When connected to an 8-bit STI segment of a 32-bit artist, the address decoder has a 2: 4 format (with inverse outputs) and converts the address bits S_ADDR [1: 0] to S_NBE [3: 0]. In this case, the multiplexer has a 4: 1 format and is also controlled by the bits of the S_ADDR [1: 0] address. When a 64-bit artist is connected, a 3: 8 decoder (with inverse outputs) converts the bits of the S_ADDR [2: 0] address into the byte resolution signals S_NBE [7: 0]. The 8: 1 multiplexer commutes bytes on the data reading bus according to a combination of the three least significant bits of the address.
Findings.
The interface of the interface of the simple executor STI uses the bus infrastructure, simple and convenient in the description in Verilog and VHDL, combining the initiator and performers of the STI within one segment.
The description of the address decoder at the behavioral level of abstraction using conditional if / case operators allows you to avoid time-consuming synthesis of combinational circuits using Boolean algebra methods.
The protocol of interaction of agents STI allows the use of artists with different width of the address and data tires in one bus segment.
Bibliography1. Borisenko N.V. Synchronous system interface of the interaction of computational cores with peripheral blocks of a VLSI crystal. "Components and Technologies" â„–10.2016.

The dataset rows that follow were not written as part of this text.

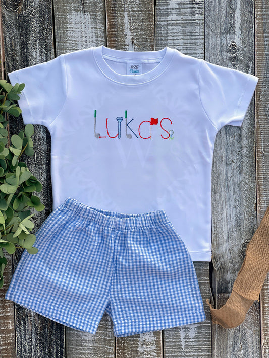 Custom Embroidered, Monogrammed, Personalized Golf Name Shirt and Red, Navy, and Blue Seersucker Gingham Short Set
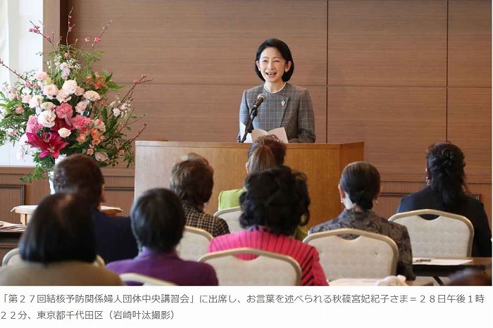 秋篠宮妃紀子さまは28日、東京都千代田区のホテルを訪れ、「第27回結核予防関係婦人団体中央講習会」の開講式に臨席された。講習会は紀子さまが総裁を務められている結核予防会などが主催している。紀子さまは開講式でのお言葉で、講習会が新型コロナウイルス禍の影響で3年ぶりに対面で開催されたことに触れ、「感染症対策をされながら、できることを工夫して積極的に活動されてきた皆さまの熱意と行動力に、深く敬意を表します」とねぎらわれた。記事・画像出典 産経新聞 https://www.sankei.com/article/20230228-5FDJYSQBWZL5JFJL6DDT5RN3V4/
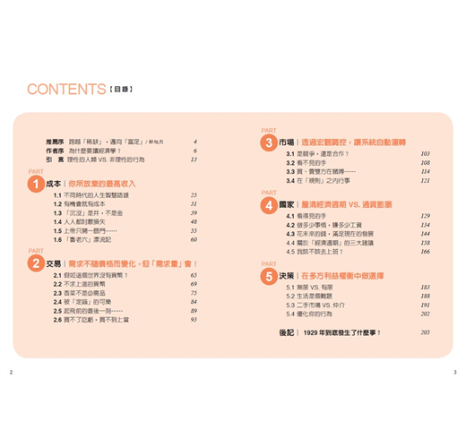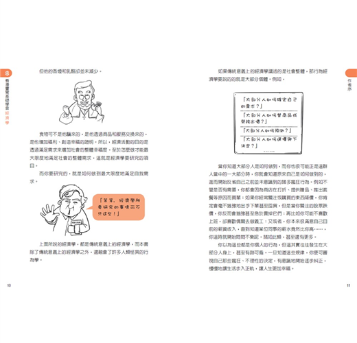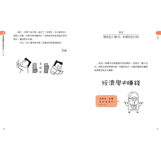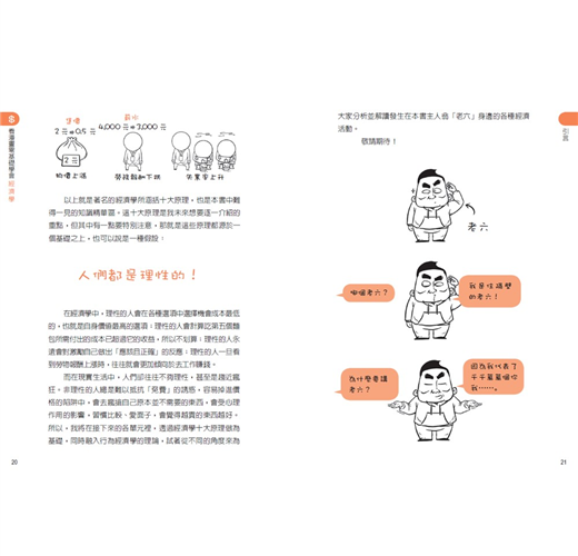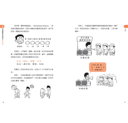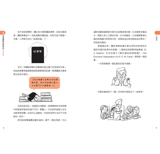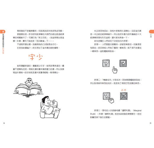此外,本書充分利用通俗易懂的另類描述手法,為讀者們解釋經濟學中常用的專業名詞,讓大眾對上述這些觀念擁有全新的理解。
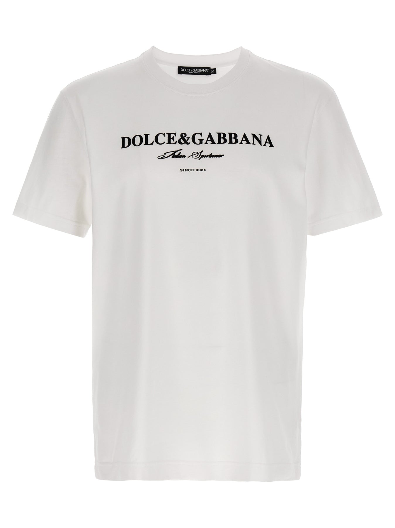 Cotton jersey T-shirt with front Flock logo print, crew neck, short sleeves.
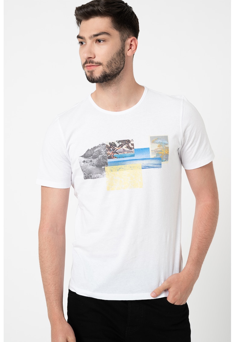 - albastru Imprimeu: foto Material: bumbac Croiala: regular fit Model: decolteu la baza gatului Lungime maneca: maneca scurta Compozitie Exterior: 100% bumbac Info model Modelul poarta un produs de marimea M. Marimi model: 190 cm inaltime
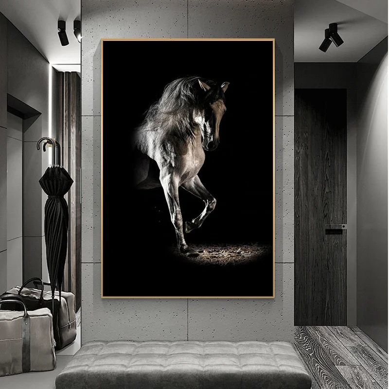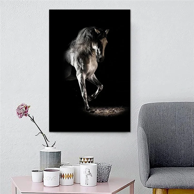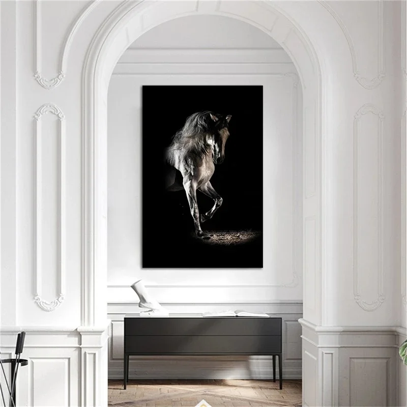 Черная лошадь фотография холст фото печать современные животные Холст Живопись Домашний декор настенные картины без рамки
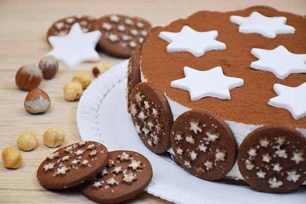 Riprendete la torta, spolverate la superficie con il cacao amaro e decoratela con stelle di pasta di zucchero, quindi attaccateci tutto intorno una fila di biscotti Pan di Stelle. Aiutatevi in questa operazione spalmando i biscotti da attaccare con un po’ di Nutella.
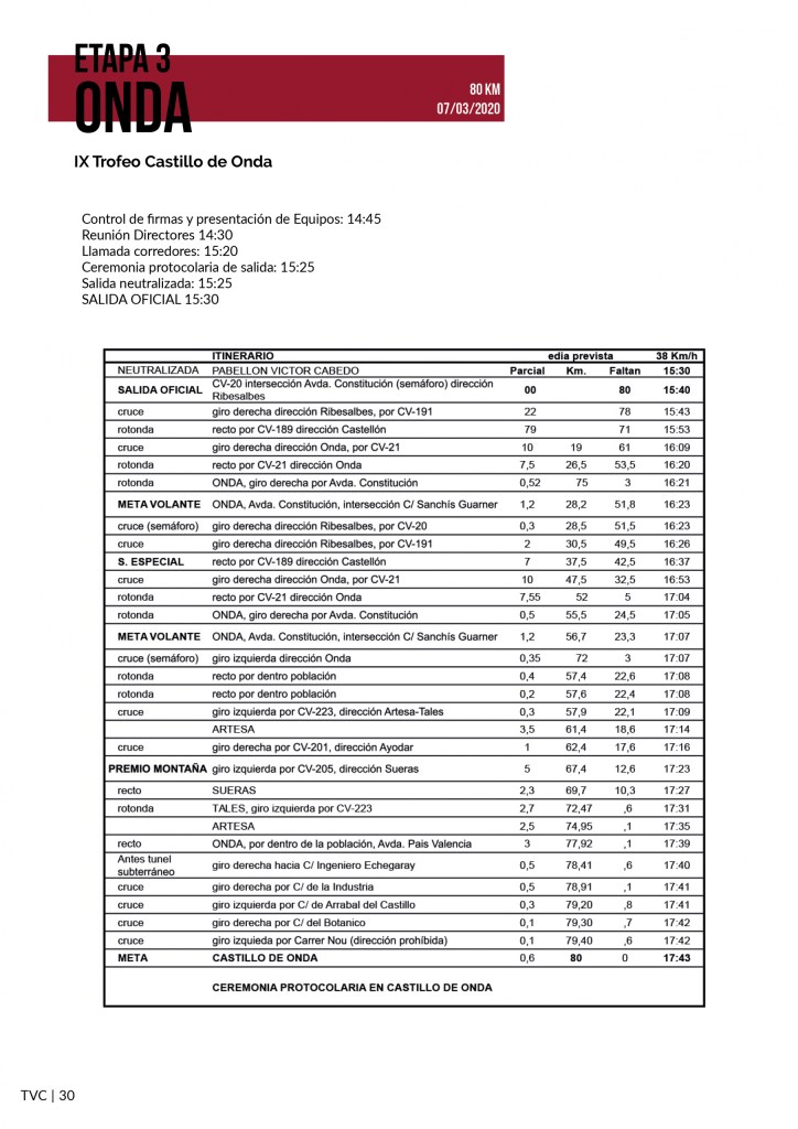 Onda abrirá el segundo fin de semana de la competición. En su IX edición presenta el mismo recorrido que en versiones anteriores dando vueltas al ya típico circuito de Ribesalbes para afrontar un puerto puntuable en el kilómetro 67 de la carrera. Por último, la subida al Castillo de Onda culminará esta bonita etapa. La que se corre el sábado cuenta con 80 kilómetros. La salida está fijada a las 15.30.
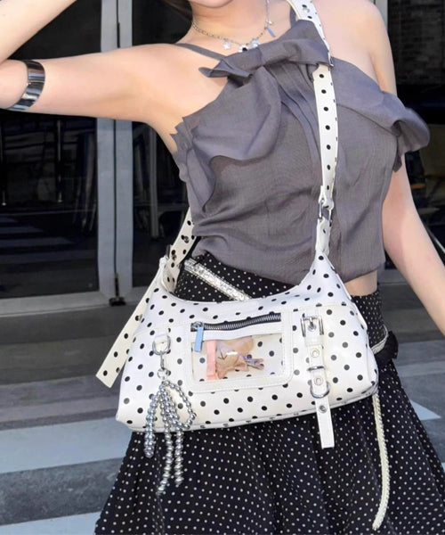 コーデに映えるドット柄ショルダーバッグ
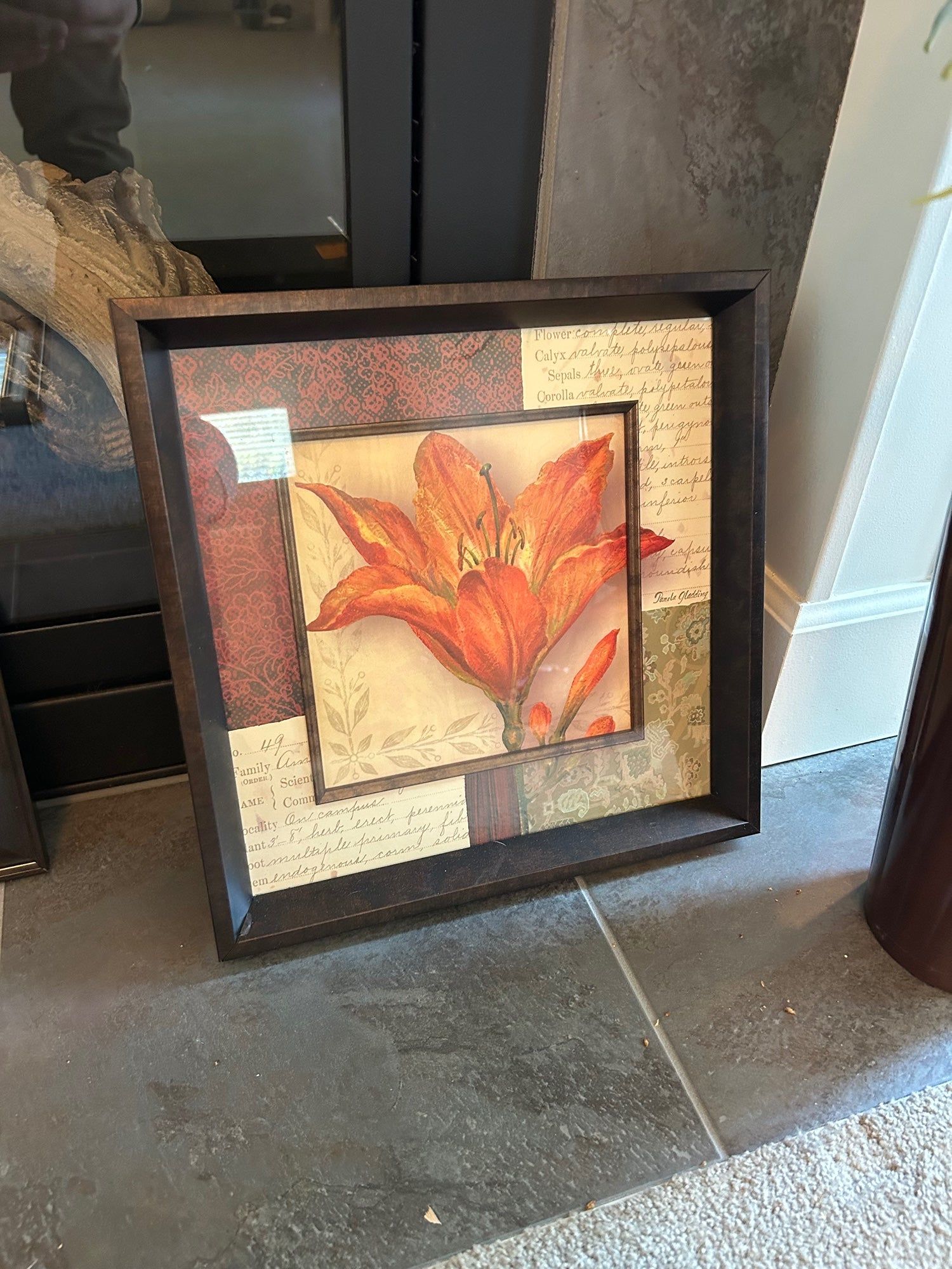 Soft lily floral print framed for display—peaceful and pretty addition to your walls. Dimension: 13.5” L x 13.5” W
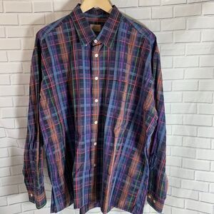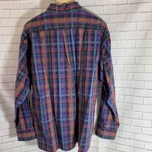 This is a really well made shirt, no tags but unworn. The plaid is laser sharp. with almost every color and shade in the rainbow included. Measures 17" in the neck, laid flat it measures 28" across, and 30" in length, so it's generously sized.In very good pre-owned condition, no flaws or damage. Please review pictures and feel free to ask any questions or for more pictures prior to purchasing.
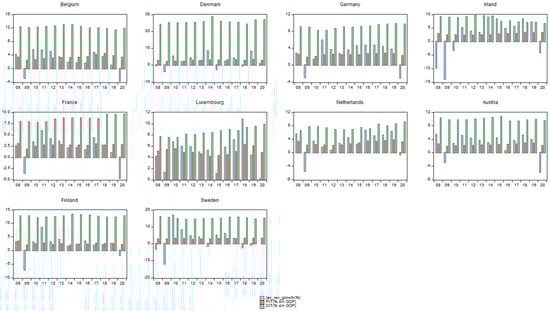 In their study, ref. [47] pointed out the negative effect of direct and indirect taxes on the economic growth of developing countries, and the existence of a positive relationship for developed countries.

2. RTL Hardware Design Using VHDL: Coding for Efficiency, Portability, and Scalability. By Pong P.Chu. John Wiley & Sons, Inc. 2006
3. Borisenko N.V. Approaches to the organization of a unified series of synthesized models of FIFO buffers implemented in various families of programmable logic. Part 1. "Components and technologies" â„–12.2012.
4. Borisenko N.V. Schemes for including FIFO buffers with a unified interface in the data path between the source and receiver of information. "Components and Technologies" â„–2.2013.
5. Borisenko N.V. Organization of synchronous FIFO buffers with a unified interface, built on general-purpose registers in the volume of programmable logic chips. "Components and technologies" â„–8.2016.